GENEVA (Reuters) - China and its fast-growing Asian neighbours helped power a 4.7 percent rise in worldwide patent filings in 2005, the World Intellectual Property Organisation (WIPO) said on Friday.

In a report, the U.N. agency said there were 600,000 patents granted in 2005, the last period for which complete figures were available. The vast majority went to Japan, the United States, China, South Korea and Europe.

While applicants from Japan and the United States owned 49 percent of the 5.6 million patents in force in 2005, more and more developing nations are seeking legal protection for their innovations, WIPO Deputy Director General Francis Gurry said.

India, however, has not similarly boosted its participation in the patent system. Applications from Indian residents fell 8 percent in 2005, from 2004, a period when Chinese filings rose 42 percent, Indonesian filings rose 17 percent and South Korean filings rose 16 percent, according to the WIPO figures.

Gurry said India's technological scene had not translated into a jump in patents, but a drive to open new patent offices should trigger an increase in filings in five years.

China's patent applications rose more than eightfold between 1995 and 2005, while South Korea more than doubled its number.

"Northeast Asia has become a major force technologically. We have seen explosive growth out of the Republic of Korea and China," Gurry told journalists in Geneva.

He said the new figures showed fast growth in filings in electricity and electronics, as well as telecommunications, pharmaceuticals, cosmetics and medical technology.

"It is a measure of the increased knowledge basis of the economy," Gurry said, noting the proliferation of patent filings was expected to continue its upswing in coming years.

Intellectual property rights violations spanning a range of industries, including music, movies and fashion, have been a major source of friction between China and its trade partners, especially the United States and Europe.
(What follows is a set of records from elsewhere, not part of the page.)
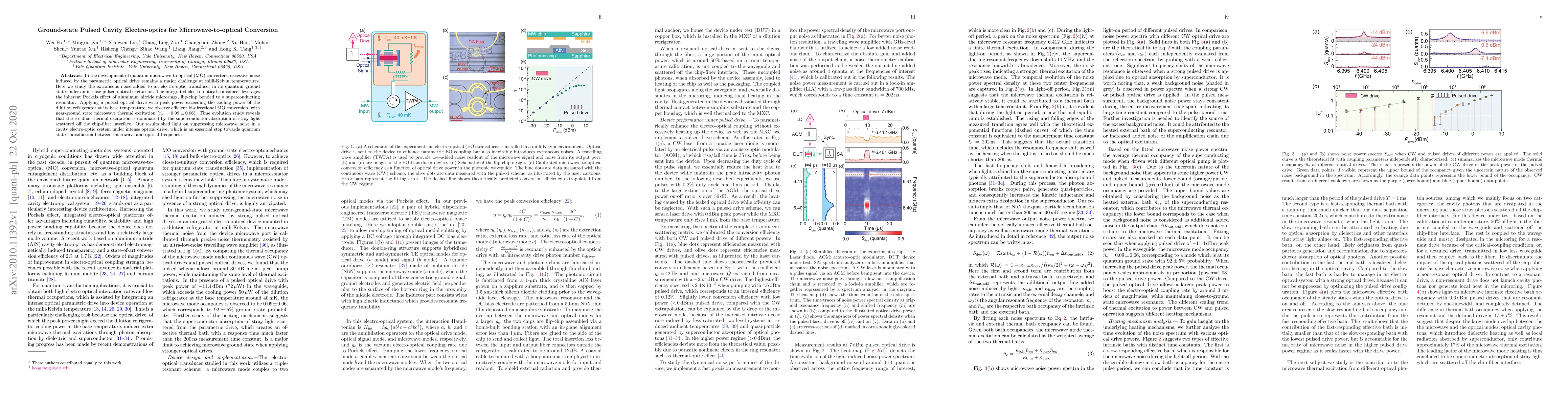 In the development of quantum microwave-to-optical (MO) converters, excessive noise induced by the parametric optical drive remains a major challenge at milli-Kelvin temperatures. Here we study the extraneous noise added to an electro-optic transducer in its quantum ground state under an intense pulsed optical excitation. The integrated electro-optical transducer leverages the inherent Pockels effect of aluminum nitride microrings, flip-chip bonded to a superconducting resonator. Applying a pulsed optical drive with peak power exceeding the cooling power of the dilution refrigerator at its base temperature, we observe efficient bi-directional MO conversion, with near-ground state microwave thermal excitation ($\bar{n}_\mathrm{e}=0.09\pm0.06$). Time evolution study reveals that the residual thermal excitation is dominated by the superconductor absorption of stray light scattered off the chip-fiber interface. Our results shed light on suppressing microwave noise in a cavity electro-optic system under intense optical drive, which is an essential step towards quantum state transduction between microwave and optical frequencies.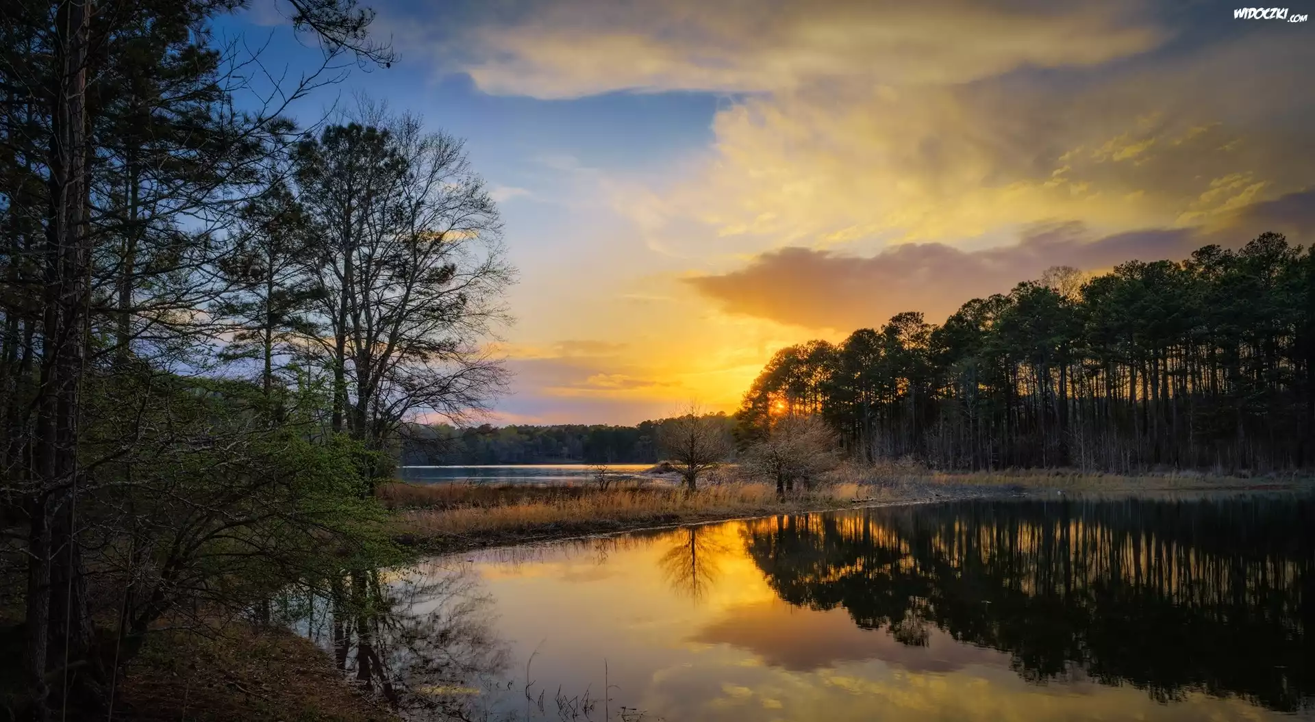 Stany Zjednoczone, Jezioro West Point Lake, Zachód słońca, Odbicie Drzewa, Las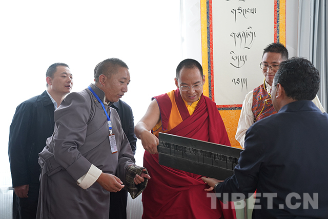 十一世班禪來到藏文書法室。攝影:王淑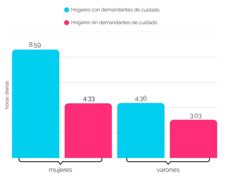 La cuestión de la distribución de las tareas de cuidado es un punto clave para entender las dificultades que atraviesan las mujeres en el mundo laboral. Según un informe elaborado por el CIPPEC (Centro de Implementación de Políticas Públicas para la Equidad y el Crecimiento), a partir de los datos proporcionados por la Encuesta Nacional de Uso del Tiempo 2021 (realizada por el INDEC), en los hogares con demandantes de cuidado, las mujeres destinan el doble del tiempo que los varones a las tareas domésticas.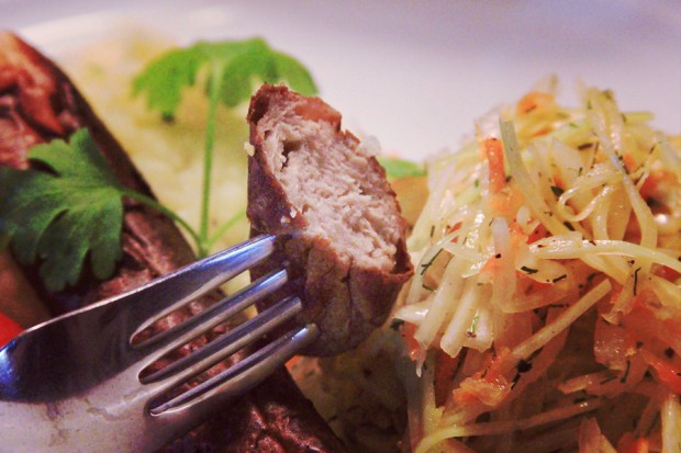 Tja, Papa ;D … darüber haben Mama, Bruder und ich ordentlich lachen müssen, da er wirklich nicht gemerkt hat, dass das kein Fleisch war. Hätte ich die Bratwurst bei niedrigerer Stufe noch krosser angebraten hätte er es womöglich gar nicht gemerkt, denn die Bratwurst schmeckt erstaunlich „wurstig“, nur die Konsistenz lässt erahnen, dass es eine einheitliche Masse ohne Makel ist (was ich persönlich sehr mag), die im Vergleich zur echten Bratwurst vielleicht als zu weich wahrgenommen werden könnte.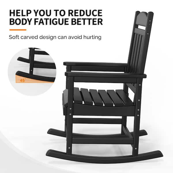 Black HDPE Heavy Duty 450 LBS Support Plastic Outdoor Rocking Chair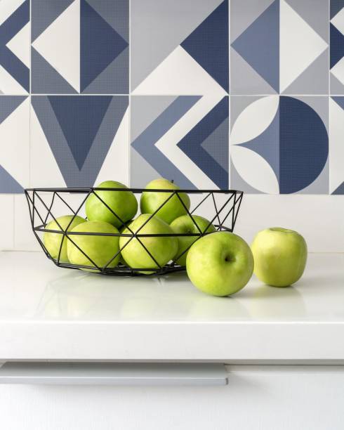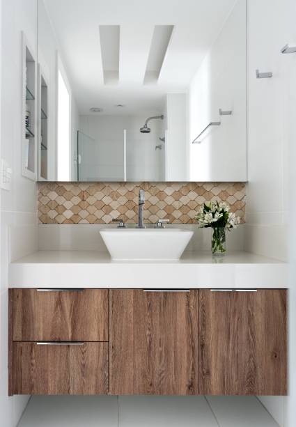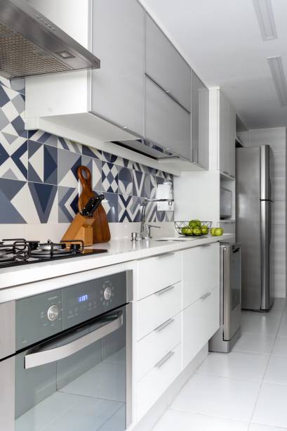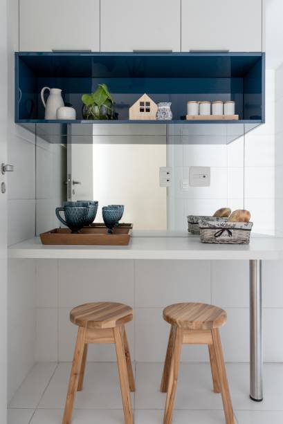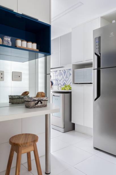 Em formato de corredor, a cozinha tem uma pequena bancada de refeições rápidas com fundo espelhado para o espaço parecer maior. Como os moradores pediram um ambiente claro, mas com toque de cor, Amanda escolheu o tom azul para colorir o nicho superior do armário e as cerâmicas com estampa geométrica.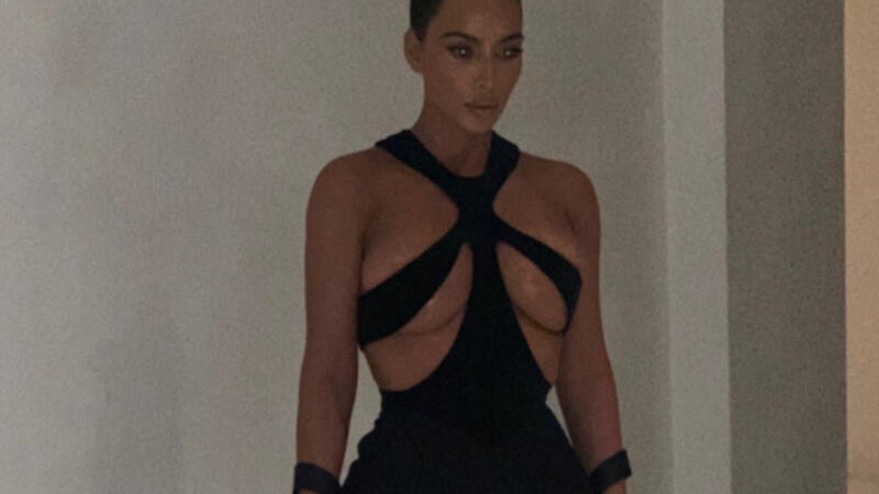 Kim Kardashian shocked wearing an outrageous 1998 Thierry Mugler vintage gown on Sunday night, which had restrictive cut-outs at the cleavage.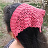 Naseem means breeze in Arabic. This stylish kerchief, with attached headband, can be worn in the breezy spring or fall, or as a shade from summer sun. It is a sweet, little, introduction to knitted lace which creates a pretty accessory in a short time. The lace is taken from a traditional Shetland pattern and used in a non-traditional way and is great for quick gifts or using up remnants from other fingering projects.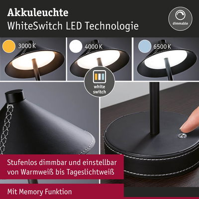 Mobile Tischleuchte Pellini White Switch 300lm 2W Schwarz matt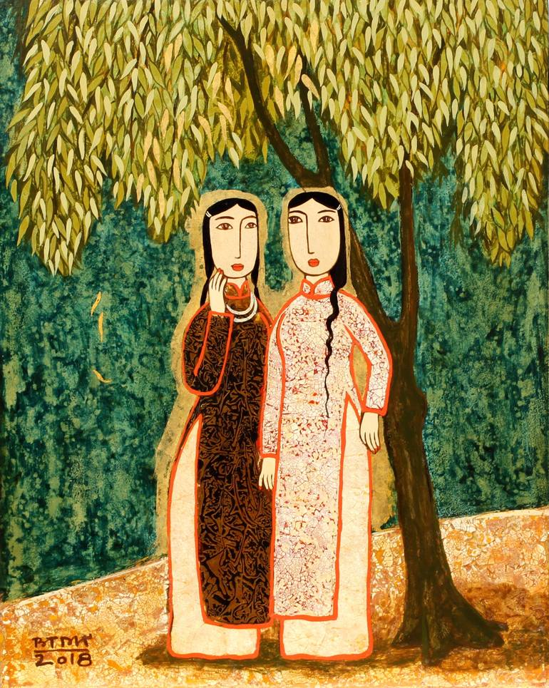 This picture is painted with lacquer on wood, size: 40X50cm, 1.3cm thick. Lacquer painting with pigment, gold, silver, and eggshell. Using the multi-layer lacquer technique, each layer to add silver to create metallic luster for the colors. I love the Vietnamese Ao dai, an outfit that has brought Vi...

U.S. software and entertainment firms have estimated Chinese counterfeits cost them $2.2 billion in sales last year and Washington has filed a pair of piracy complaints against China at the World Trade Organisation.

But the WIPO report suggested China and other emerging Asian powers like Indonesia were increasingly engaged in intellectual property, reflecting what Gurry called a "significant shift in the geography of innovation" away from developed economies.

The agency is also working to develop a multilingual search engine in response to a recent surge in applications filed in Japanese, Korean and Chinese. That search engine should be unveiled by the end of the year, Gurry said.